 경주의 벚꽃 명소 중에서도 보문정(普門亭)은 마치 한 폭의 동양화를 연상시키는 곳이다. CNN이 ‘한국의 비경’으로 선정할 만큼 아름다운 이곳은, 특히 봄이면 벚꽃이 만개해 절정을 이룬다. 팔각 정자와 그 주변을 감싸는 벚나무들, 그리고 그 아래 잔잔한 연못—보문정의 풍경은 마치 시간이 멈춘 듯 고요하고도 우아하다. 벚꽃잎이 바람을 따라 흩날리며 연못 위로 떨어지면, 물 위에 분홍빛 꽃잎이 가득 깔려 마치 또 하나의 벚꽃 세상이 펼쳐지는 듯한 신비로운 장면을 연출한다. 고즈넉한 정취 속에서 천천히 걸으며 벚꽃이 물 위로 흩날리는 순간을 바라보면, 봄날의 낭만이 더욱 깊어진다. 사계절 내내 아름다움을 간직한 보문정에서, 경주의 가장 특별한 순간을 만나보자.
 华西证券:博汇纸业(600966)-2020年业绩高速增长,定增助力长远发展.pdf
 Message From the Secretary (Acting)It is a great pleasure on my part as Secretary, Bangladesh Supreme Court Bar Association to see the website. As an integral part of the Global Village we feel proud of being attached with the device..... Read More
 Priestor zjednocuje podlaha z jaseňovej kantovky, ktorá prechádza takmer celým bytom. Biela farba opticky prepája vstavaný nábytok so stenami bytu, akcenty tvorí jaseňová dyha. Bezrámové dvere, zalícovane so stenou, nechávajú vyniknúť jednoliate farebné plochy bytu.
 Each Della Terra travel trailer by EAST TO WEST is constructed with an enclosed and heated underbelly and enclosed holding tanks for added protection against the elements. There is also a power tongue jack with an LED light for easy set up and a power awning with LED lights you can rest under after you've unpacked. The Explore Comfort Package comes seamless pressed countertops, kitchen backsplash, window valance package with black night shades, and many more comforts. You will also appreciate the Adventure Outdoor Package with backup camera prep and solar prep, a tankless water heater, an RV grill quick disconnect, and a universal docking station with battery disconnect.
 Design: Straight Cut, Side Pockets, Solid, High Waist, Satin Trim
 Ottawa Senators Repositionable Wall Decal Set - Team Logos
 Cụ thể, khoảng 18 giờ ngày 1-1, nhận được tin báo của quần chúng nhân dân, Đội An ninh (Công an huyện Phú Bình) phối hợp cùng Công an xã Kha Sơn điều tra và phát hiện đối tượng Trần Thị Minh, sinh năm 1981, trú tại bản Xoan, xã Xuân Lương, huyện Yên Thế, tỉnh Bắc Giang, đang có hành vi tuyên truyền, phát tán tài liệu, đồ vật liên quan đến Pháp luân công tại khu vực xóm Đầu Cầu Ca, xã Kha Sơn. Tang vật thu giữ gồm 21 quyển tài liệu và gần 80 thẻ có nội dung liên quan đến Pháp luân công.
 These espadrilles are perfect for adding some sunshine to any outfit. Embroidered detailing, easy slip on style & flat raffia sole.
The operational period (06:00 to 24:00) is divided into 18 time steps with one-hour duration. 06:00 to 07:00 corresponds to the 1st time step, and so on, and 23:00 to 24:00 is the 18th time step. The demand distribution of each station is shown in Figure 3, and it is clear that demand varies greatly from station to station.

__Your instructions__
Return the lines above precisely as they appear, beginning at the first line and ending at the line with "Ottawa Senators Repositionable", and nothing after it.

__Reply__
 경주의 벚꽃 명소 중에서도 보문정(普門亭)은 마치 한 폭의 동양화를 연상시키는 곳이다. CNN이 ‘한국의 비경’으로 선정할 만큼 아름다운 이곳은, 특히 봄이면 벚꽃이 만개해 절정을 이룬다. 팔각 정자와 그 주변을 감싸는 벚나무들, 그리고 그 아래 잔잔한 연못—보문정의 풍경은 마치 시간이 멈춘 듯 고요하고도 우아하다. 벚꽃잎이 바람을 따라 흩날리며 연못 위로 떨어지면, 물 위에 분홍빛 꽃잎이 가득 깔려 마치 또 하나의 벚꽃 세상이 펼쳐지는 듯한 신비로운 장면을 연출한다. 고즈넉한 정취 속에서 천천히 걸으며 벚꽃이 물 위로 흩날리는 순간을 바라보면, 봄날의 낭만이 더욱 깊어진다. 사계절 내내 아름다움을 간직한 보문정에서, 경주의 가장 특별한 순간을 만나보자.
 华西证券:博汇纸业(600966)-2020年业绩高速增长,定增助力长远发展.pdf
 Message From the Secretary (Acting)It is a great pleasure on my part as Secretary, Bangladesh Supreme Court Bar Association to see the website. As an integral part of the Global Village we feel proud of being attached with the device..... Read More
 Priestor zjednocuje podlaha z jaseňovej kantovky, ktorá prechádza takmer celým bytom. Biela farba opticky prepája vstavaný nábytok so stenami bytu, akcenty tvorí jaseňová dyha. Bezrámové dvere, zalícovane so stenou, nechávajú vyniknúť jednoliate farebné plochy bytu.
 Each Della Terra travel trailer by EAST TO WEST is constructed with an enclosed and heated underbelly and enclosed holding tanks for added protection against the elements. There is also a power tongue jack with an LED light for easy set up and a power awning with LED lights you can rest under after you've unpacked. The Explore Comfort Package comes seamless pressed countertops, kitchen backsplash, window valance package with black night shades, and many more comforts. You will also appreciate the Adventure Outdoor Package with backup camera prep and solar prep, a tankless water heater, an RV grill quick disconnect, and a universal docking station with battery disconnect.
 Design: Straight Cut, Side Pockets, Solid, High Waist, Satin Trim
 Ottawa Senators Repositionable Wall Decal Set - Team Logos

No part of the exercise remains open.